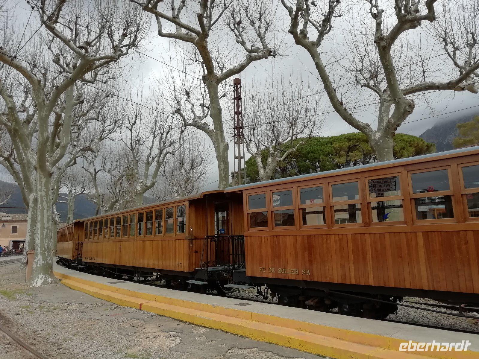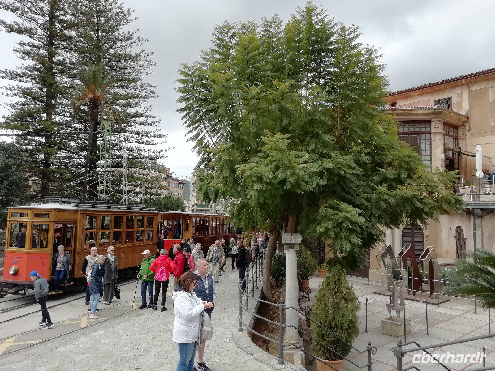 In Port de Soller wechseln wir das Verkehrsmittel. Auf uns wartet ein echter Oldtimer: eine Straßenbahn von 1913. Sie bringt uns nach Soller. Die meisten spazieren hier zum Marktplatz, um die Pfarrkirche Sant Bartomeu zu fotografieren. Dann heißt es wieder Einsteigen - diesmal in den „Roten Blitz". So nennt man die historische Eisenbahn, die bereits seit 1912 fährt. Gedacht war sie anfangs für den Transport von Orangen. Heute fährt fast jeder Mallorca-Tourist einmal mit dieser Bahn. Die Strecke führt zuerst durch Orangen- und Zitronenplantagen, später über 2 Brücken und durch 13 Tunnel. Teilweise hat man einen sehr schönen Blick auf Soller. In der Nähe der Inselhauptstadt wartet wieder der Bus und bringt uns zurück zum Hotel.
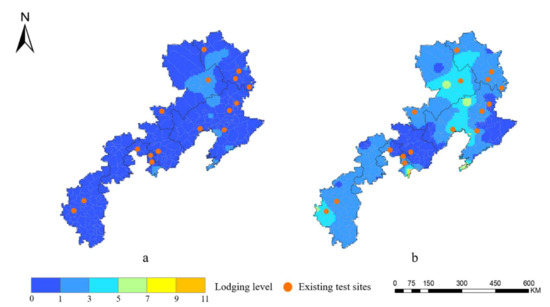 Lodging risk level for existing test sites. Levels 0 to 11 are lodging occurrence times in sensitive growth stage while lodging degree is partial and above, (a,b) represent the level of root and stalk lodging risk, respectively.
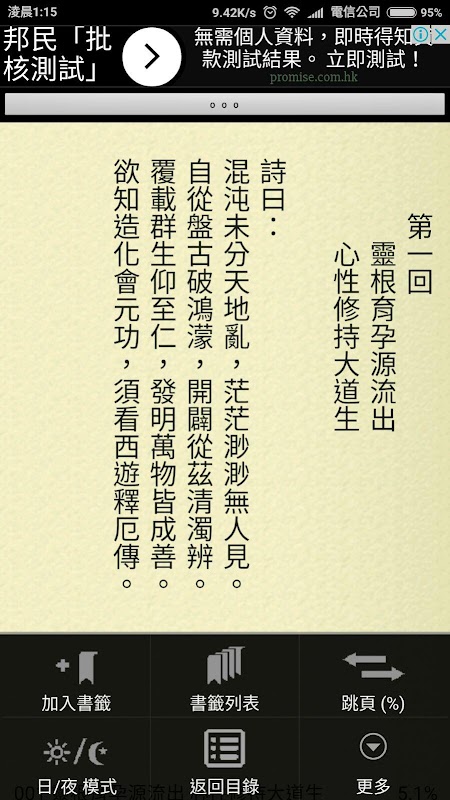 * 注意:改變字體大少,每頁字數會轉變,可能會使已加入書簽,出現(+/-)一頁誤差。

TASK TO CARRY OUT:
Reproduce the data above in full, exactly as it is, with the pictures left out.

WRITTEN RESPONSE:
 In Port de Soller wechseln wir das Verkehrsmittel. Auf uns wartet ein echter Oldtimer: eine Straßenbahn von 1913. Sie bringt uns nach Soller. Die meisten spazieren hier zum Marktplatz, um die Pfarrkirche Sant Bartomeu zu fotografieren. Dann heißt es wieder Einsteigen - diesmal in den „Roten Blitz". So nennt man die historische Eisenbahn, die bereits seit 1912 fährt. Gedacht war sie anfangs für den Transport von Orangen. Heute fährt fast jeder Mallorca-Tourist einmal mit dieser Bahn. Die Strecke führt zuerst durch Orangen- und Zitronenplantagen, später über 2 Brücken und durch 13 Tunnel. Teilweise hat man einen sehr schönen Blick auf Soller. In der Nähe der Inselhauptstadt wartet wieder der Bus und bringt uns zurück zum Hotel.
 Lodging risk level for existing test sites. Levels 0 to 11 are lodging occurrence times in sensitive growth stage while lodging degree is partial and above, (a,b) represent the level of root and stalk lodging risk, respectively.
 * 注意:改變字體大少,每頁字數會轉變,可能會使已加入書簽,出現(+/-)一頁誤差。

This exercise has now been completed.